Der Balfrin-Höhenweg wurde 1954 eröffnet. Die Wegführung imponierte mir.

Staibock (2)

Hier noch ein Bild mit etwas mehr Steinbock drauf. Den Nebel kann ich leider nicht weg machen...


Montag, 5. Juli 2010

Staibock!!!

Frühmorgens durfte ich heute diesen Walliser Steinbock sehen!
Die heutige Wanderung führte von Niedergrächen nach Saas-Fee, wo ich gerade ein Päusli einlege, um mir flüssiges zuzuführen... Obwohl es am Morgen lange bedeckt und neblig war, war es sehr warm und der Schweiss rann entsprechend. Der Balfrin-Höhenweg, auf dem ich wanderte, ist sehr schön, sehr still, mit ein paar sehr ausgesetzten, aber gut gesicherten Passagen und vielen schönen Ausblicken.
nun gehts noch nach Saas Grund, wo ich wiederum campieren werde.

Sonntag, 4. Juli 2010

Alpenpässeweg

So heisst einer der sechs Fern-Wanderwege der Schweiz. Er führt von Chur nach St.Gingolph am Genfersee. Gerne würde ich ja berichten, dass ich jetzt nach Chur fahre, um dort diesesn 600 km langen Weg mit gut 40 000 Höhenmetern in Angriff nehmen. Nö, leider ist dem nicht so, mein Ferienkonto ist natürlich blank, nach meinem Norwegen-Abenteuer...
Aber ich fahre in gut zwei Stunden nach Grächen, um zwei Tage auf dem Weg zu wandern und ein paar Sachen auszuprobieren. Kernstück der Tests ist mein neues Tarp-Tent, das diese Nacht Première feiern wird: ein Ein-Personen-Unterschlupf aus hauchdünnem Nylon, mit Boden und etwas Mückengitter. Also Stange dient mein Trekkingstock...

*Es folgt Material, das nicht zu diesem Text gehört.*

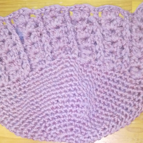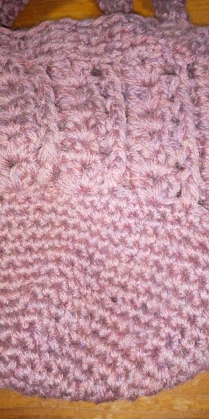 手編みのバックを二本どりで編みました。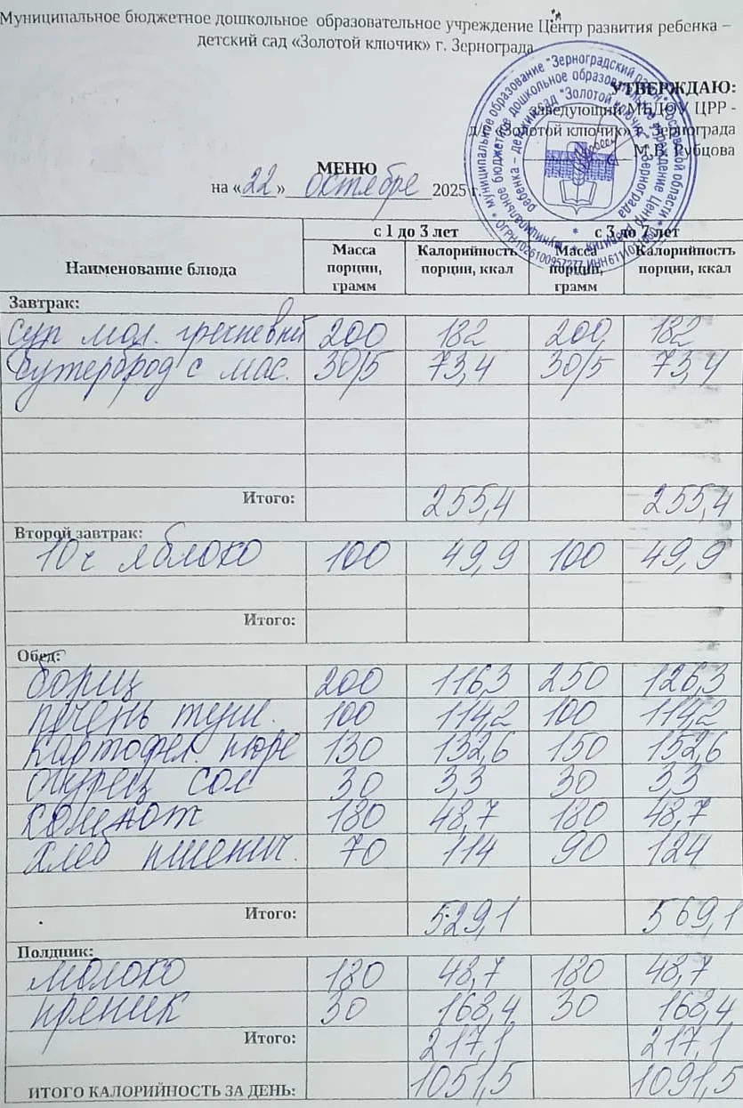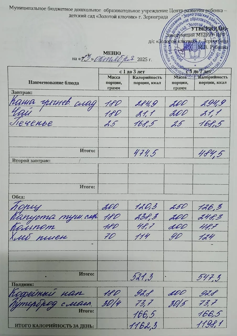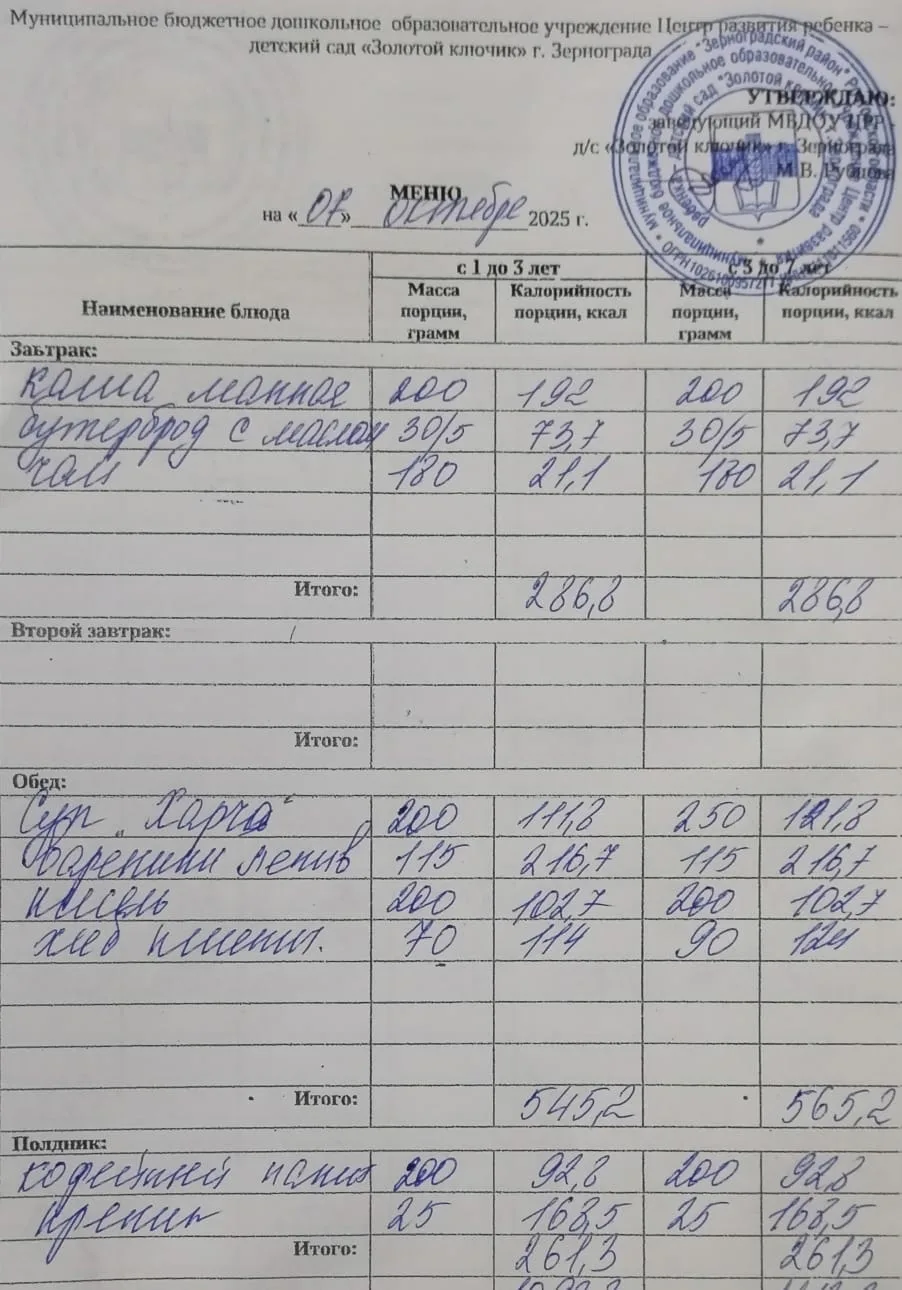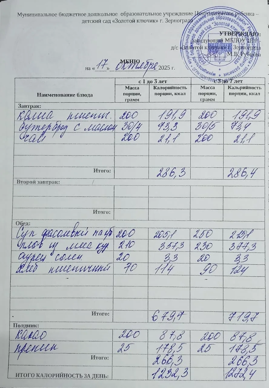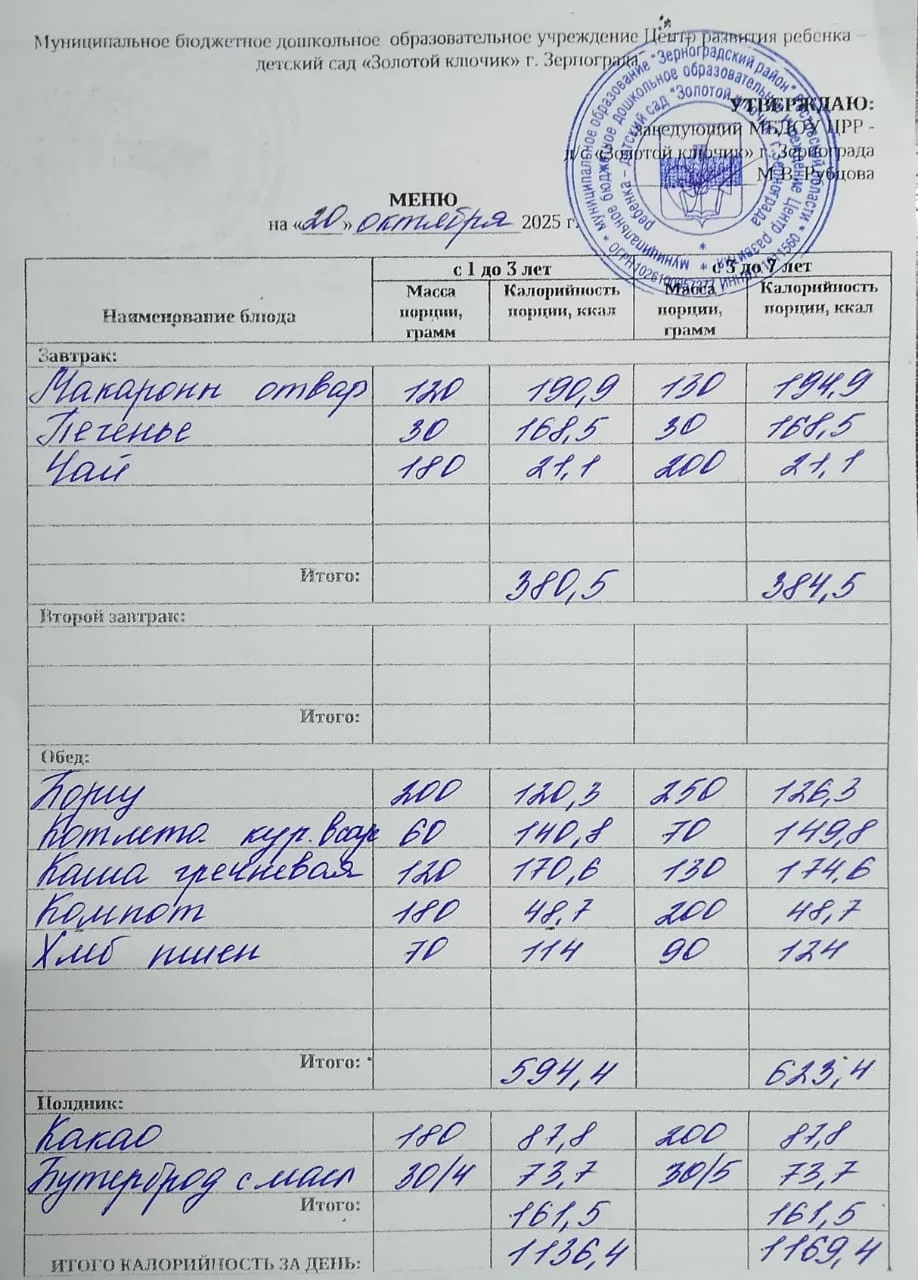Меню ежедневного горячего питания

Det är resan, inte målet, som gör resan värd. - Es ist die Reise, nicht das Ziel, das die Reise wert macht!

Freitag, 14. Mai 2010

Bärenkunde




Regenwetter!
Meine Schwester und ich wollten heute eigentlich eine weitere Etappe auf dem Trans-Swiss-Trail wandern... Aber nasses und kaltes Wetter wirkten nicht gerade so einladend auf uns, wenn es nicht unbedingt sein muss. So besuchten wir mal endlich zwei Berner Sehenswürdigkeiten: das Klee-Museum und anschliessend den neuen Bärenpark. Den zwei Bären-Kindern und ihrer Mutter hätten wir noch lange Zuschen können!